- **Instructions to follow**:
Going down the data below, set down exactly the line with "Protect your table" and each line after it through the line with "Фон для фотосъемки"; no other lines.

═══ Excerpted records ═══

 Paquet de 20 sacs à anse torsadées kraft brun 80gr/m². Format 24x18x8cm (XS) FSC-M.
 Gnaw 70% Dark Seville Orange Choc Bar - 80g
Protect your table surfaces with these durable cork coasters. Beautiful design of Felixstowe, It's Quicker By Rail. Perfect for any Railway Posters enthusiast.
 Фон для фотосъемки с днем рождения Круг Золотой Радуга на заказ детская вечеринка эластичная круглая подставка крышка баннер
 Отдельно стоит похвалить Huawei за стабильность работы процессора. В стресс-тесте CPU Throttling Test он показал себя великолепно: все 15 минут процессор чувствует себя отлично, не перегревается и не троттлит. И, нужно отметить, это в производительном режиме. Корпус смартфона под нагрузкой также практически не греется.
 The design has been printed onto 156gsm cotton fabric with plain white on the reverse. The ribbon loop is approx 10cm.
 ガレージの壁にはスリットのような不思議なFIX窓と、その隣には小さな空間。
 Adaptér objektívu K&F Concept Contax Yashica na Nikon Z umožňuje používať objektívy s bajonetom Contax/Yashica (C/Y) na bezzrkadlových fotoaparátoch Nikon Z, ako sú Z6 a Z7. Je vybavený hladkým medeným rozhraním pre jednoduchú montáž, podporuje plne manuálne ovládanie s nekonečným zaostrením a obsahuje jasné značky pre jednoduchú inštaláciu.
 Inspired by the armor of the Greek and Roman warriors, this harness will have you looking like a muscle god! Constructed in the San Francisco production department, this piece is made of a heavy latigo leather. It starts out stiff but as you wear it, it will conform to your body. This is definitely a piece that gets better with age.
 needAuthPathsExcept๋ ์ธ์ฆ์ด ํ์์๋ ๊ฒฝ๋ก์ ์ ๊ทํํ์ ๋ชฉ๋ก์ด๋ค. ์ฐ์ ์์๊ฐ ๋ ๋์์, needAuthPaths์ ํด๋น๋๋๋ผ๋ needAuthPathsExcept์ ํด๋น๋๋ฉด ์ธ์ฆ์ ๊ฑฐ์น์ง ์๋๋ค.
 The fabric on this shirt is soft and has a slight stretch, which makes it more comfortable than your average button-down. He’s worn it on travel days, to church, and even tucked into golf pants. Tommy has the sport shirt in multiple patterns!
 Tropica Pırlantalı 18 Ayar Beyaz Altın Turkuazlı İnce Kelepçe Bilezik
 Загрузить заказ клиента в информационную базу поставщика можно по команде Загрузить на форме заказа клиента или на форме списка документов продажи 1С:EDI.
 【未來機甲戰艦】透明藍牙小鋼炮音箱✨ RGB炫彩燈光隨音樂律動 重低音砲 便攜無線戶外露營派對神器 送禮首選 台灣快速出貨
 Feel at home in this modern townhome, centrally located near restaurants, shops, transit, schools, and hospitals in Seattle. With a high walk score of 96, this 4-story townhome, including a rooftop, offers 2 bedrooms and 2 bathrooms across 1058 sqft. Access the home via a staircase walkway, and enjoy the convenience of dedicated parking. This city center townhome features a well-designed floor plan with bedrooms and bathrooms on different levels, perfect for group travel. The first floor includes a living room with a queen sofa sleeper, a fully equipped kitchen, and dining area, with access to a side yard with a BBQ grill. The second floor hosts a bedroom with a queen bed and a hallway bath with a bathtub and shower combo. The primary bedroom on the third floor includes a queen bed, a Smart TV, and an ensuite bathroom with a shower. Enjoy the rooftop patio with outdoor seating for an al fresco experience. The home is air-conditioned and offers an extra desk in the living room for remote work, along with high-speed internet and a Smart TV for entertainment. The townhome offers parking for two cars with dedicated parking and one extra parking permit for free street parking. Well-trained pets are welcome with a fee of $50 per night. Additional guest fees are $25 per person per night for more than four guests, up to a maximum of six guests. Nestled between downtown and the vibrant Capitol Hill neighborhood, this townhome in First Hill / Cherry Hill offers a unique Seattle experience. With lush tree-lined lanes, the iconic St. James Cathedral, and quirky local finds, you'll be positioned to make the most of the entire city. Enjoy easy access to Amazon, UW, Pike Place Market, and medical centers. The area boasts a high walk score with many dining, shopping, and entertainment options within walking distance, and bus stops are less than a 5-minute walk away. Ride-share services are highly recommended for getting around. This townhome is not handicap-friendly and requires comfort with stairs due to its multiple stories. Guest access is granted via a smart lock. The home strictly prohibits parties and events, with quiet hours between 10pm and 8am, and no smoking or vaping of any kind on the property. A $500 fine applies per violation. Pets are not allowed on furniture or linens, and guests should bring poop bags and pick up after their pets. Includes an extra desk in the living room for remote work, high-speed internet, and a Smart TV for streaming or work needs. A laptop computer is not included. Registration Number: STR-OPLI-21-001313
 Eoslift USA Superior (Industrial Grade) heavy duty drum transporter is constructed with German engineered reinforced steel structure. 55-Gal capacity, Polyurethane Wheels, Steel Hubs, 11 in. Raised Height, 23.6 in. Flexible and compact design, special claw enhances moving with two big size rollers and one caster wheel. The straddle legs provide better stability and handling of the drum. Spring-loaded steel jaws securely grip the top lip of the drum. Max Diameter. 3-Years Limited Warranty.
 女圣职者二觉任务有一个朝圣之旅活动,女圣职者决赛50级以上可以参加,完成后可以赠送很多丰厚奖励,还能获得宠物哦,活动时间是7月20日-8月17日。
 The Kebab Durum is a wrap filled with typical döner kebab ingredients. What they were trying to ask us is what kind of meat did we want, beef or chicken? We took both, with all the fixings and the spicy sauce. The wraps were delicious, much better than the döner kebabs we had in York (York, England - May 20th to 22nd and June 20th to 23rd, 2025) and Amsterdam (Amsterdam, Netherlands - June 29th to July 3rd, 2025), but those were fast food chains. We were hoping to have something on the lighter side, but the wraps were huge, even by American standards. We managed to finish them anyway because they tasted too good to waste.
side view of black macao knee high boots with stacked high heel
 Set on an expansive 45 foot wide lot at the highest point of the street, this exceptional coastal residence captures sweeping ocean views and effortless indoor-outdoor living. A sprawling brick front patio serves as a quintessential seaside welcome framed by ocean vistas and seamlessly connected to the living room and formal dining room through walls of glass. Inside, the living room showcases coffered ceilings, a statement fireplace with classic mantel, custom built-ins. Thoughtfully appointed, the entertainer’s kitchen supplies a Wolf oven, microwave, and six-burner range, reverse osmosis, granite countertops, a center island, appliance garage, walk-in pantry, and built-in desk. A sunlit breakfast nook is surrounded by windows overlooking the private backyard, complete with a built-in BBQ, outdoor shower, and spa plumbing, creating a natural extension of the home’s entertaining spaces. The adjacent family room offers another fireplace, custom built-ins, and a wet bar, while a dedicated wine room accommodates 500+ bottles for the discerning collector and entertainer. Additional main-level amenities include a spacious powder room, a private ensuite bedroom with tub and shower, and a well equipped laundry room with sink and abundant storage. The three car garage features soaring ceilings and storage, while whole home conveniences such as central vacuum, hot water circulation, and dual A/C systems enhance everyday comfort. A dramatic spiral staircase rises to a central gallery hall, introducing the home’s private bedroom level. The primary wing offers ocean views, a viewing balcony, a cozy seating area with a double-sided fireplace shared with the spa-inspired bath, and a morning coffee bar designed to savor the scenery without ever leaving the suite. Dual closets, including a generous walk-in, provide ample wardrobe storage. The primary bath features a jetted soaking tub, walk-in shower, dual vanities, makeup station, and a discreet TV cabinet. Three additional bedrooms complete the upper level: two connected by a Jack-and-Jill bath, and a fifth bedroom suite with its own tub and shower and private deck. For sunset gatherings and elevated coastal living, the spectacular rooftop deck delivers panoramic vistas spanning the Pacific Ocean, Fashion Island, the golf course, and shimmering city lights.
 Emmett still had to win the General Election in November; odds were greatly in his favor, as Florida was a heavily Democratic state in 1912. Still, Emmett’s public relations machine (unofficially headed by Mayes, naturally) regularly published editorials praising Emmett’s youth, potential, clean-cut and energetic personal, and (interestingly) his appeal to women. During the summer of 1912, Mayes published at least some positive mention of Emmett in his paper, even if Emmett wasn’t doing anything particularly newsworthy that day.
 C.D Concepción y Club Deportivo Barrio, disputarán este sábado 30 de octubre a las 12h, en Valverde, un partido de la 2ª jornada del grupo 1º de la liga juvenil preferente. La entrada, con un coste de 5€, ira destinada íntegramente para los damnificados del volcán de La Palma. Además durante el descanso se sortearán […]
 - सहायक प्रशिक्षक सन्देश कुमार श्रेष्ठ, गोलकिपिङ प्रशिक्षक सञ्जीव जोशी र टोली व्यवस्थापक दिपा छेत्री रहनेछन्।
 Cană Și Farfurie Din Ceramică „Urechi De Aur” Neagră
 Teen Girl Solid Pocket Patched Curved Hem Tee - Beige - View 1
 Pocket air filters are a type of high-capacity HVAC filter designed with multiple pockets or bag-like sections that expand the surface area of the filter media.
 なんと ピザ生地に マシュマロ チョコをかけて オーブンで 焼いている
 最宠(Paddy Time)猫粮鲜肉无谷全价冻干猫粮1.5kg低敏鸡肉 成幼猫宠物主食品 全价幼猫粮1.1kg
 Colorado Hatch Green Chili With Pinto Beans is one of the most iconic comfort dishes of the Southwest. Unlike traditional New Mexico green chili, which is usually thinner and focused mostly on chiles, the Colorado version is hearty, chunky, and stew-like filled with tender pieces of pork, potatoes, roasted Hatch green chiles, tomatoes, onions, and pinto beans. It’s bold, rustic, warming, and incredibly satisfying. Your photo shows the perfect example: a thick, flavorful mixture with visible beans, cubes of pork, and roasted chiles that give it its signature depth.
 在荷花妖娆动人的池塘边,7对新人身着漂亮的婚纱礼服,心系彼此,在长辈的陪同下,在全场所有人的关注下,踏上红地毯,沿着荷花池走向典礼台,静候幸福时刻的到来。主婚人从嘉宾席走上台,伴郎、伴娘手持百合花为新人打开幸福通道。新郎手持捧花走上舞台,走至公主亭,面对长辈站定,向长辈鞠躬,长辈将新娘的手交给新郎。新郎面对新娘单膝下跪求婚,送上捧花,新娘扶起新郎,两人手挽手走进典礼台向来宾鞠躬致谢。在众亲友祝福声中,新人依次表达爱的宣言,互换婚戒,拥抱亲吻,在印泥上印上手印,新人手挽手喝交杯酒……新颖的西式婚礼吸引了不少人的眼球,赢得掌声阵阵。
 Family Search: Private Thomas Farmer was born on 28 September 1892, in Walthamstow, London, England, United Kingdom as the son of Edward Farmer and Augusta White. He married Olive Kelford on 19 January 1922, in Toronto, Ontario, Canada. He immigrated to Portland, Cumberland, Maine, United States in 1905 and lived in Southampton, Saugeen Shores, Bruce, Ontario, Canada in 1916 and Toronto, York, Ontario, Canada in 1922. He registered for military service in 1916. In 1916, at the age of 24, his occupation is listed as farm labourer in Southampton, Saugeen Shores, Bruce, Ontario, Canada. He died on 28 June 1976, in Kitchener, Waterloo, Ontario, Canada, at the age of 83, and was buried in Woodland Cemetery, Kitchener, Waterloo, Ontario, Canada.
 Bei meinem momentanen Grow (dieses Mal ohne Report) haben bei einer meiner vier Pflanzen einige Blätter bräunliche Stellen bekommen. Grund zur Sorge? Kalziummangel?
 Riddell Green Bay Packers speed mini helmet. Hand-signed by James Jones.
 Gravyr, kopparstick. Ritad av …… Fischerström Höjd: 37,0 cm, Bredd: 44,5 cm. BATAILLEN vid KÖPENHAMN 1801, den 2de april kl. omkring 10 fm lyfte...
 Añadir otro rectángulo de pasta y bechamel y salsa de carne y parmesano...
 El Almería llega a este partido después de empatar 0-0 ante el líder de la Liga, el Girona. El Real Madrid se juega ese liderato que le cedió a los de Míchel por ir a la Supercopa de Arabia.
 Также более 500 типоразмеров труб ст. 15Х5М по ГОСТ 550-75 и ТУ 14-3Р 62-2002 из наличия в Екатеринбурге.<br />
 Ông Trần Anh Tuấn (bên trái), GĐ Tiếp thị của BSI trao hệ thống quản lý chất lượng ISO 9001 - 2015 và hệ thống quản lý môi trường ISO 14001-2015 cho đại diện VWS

═══

- **Your solution**:
Protect your table surfaces with these durable cork coasters. Beautiful design of Felixstowe, It's Quicker By Rail. Perfect for any Railway Posters enthusiast.
 Фон для фотосъемки с днем рождения Круг Золотой Радуга на заказ детская вечеринка эластичная круглая подставка крышка баннер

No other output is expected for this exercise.